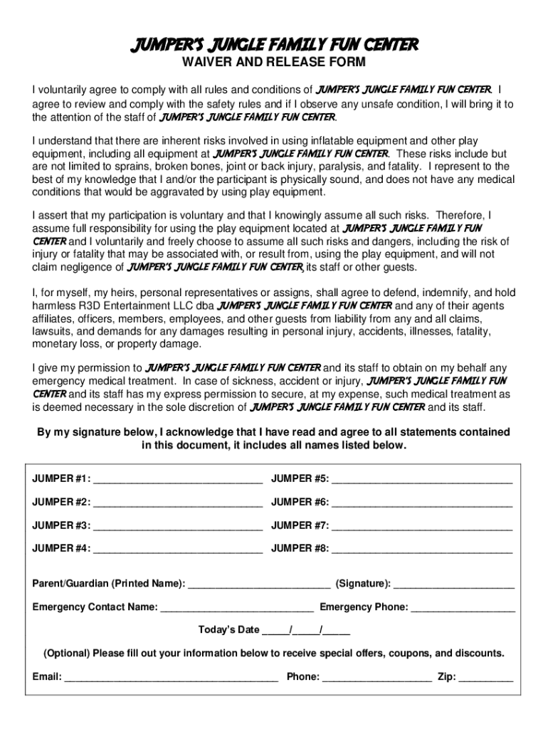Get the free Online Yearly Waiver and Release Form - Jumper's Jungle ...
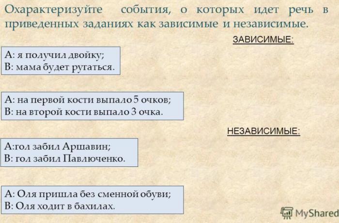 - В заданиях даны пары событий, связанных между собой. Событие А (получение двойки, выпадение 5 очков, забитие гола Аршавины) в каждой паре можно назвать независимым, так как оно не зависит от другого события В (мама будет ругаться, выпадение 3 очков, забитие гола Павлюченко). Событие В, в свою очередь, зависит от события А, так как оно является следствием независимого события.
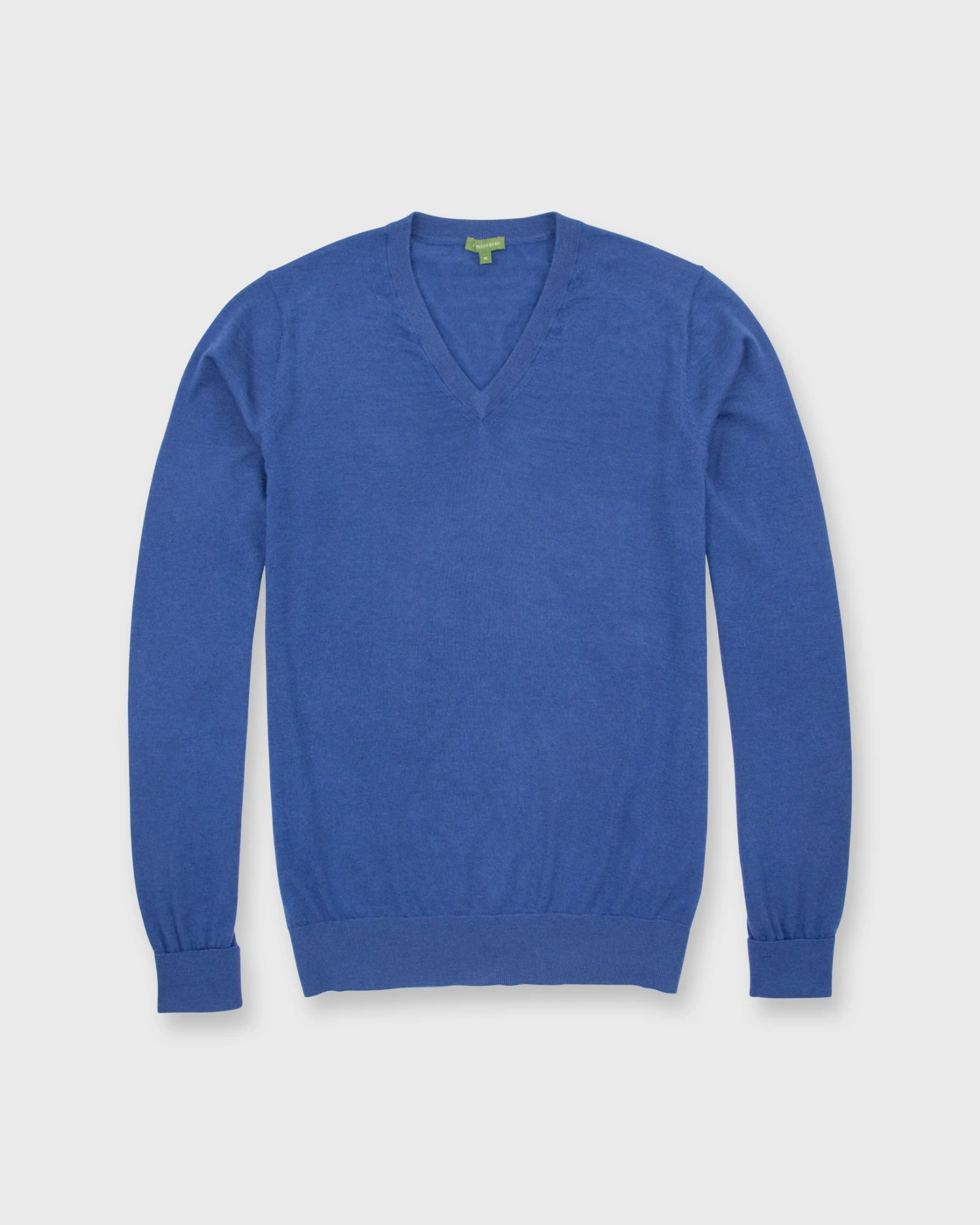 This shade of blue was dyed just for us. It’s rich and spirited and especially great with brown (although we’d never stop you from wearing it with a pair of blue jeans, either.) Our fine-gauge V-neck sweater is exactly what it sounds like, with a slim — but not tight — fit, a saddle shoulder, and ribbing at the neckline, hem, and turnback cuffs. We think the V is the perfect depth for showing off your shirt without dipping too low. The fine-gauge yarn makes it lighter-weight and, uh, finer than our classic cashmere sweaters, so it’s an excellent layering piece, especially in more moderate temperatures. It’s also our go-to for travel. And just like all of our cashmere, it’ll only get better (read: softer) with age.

____

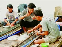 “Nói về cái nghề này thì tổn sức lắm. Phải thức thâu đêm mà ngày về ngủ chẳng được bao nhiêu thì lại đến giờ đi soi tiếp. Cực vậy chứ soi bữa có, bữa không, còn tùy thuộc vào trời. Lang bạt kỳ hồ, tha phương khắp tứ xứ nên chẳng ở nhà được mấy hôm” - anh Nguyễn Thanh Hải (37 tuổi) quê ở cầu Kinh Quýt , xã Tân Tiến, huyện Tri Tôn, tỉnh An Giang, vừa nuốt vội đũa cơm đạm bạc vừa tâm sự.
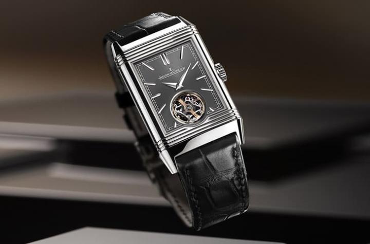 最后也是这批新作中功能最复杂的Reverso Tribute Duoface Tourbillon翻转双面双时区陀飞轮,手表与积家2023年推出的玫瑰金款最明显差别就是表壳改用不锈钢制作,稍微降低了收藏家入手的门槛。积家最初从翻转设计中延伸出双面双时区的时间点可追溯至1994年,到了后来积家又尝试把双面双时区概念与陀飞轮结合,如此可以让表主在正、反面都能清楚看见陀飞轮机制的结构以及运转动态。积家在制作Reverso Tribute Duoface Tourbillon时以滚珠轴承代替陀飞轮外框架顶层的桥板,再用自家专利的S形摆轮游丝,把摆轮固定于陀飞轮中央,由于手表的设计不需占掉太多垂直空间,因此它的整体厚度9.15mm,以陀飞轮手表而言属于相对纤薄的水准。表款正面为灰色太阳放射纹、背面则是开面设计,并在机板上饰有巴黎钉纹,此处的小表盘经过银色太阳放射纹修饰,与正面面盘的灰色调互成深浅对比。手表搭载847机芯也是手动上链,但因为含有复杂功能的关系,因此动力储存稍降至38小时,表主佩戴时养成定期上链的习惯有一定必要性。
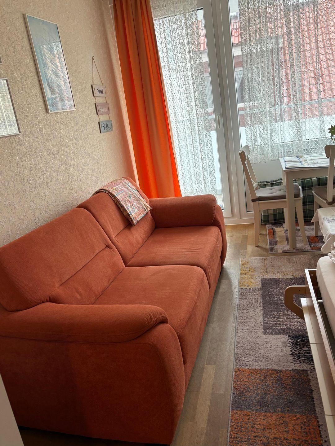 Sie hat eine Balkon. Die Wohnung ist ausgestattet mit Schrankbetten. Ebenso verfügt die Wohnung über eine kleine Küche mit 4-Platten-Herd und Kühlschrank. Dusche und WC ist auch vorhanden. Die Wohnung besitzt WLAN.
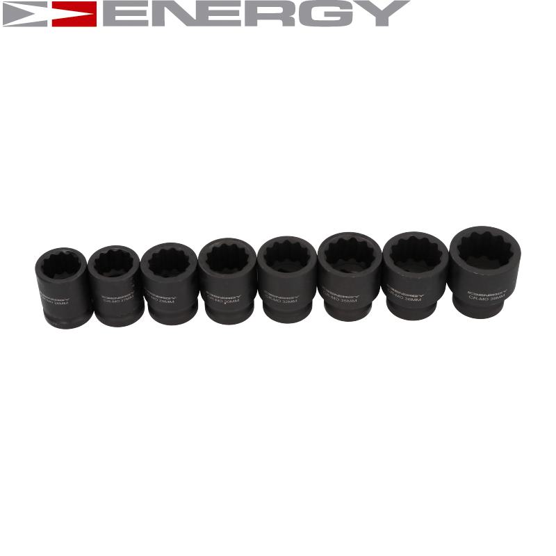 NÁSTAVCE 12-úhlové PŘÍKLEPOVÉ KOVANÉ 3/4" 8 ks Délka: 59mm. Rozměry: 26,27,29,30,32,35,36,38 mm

____

## Activity
Go down the entries above from the line containing "- В заданиях" to the line containing "This shade of" and write out each line exactly, leaving pictures out.

## Solution
 - В заданиях даны пары событий, связанных между собой. Событие А (получение двойки, выпадение 5 очков, забитие гола Аршавины) в каждой паре можно назвать независимым, так как оно не зависит от другого события В (мама будет ругаться, выпадение 3 очков, забитие гола Павлюченко). Событие В, в свою очередь, зависит от события А, так как оно является следствием независимого события.
 This shade of blue was dyed just for us. It’s rich and spirited and especially great with brown (although we’d never stop you from wearing it with a pair of blue jeans, either.) Our fine-gauge V-neck sweater is exactly what it sounds like, with a slim — but not tight — fit, a saddle shoulder, and ribbing at the neckline, hem, and turnback cuffs. We think the V is the perfect depth for showing off your shirt without dipping too low. The fine-gauge yarn makes it lighter-weight and, uh, finer than our classic cashmere sweaters, so it’s an excellent layering piece, especially in more moderate temperatures. It’s also our go-to for travel. And just like all of our cashmere, it’ll only get better (read: softer) with age.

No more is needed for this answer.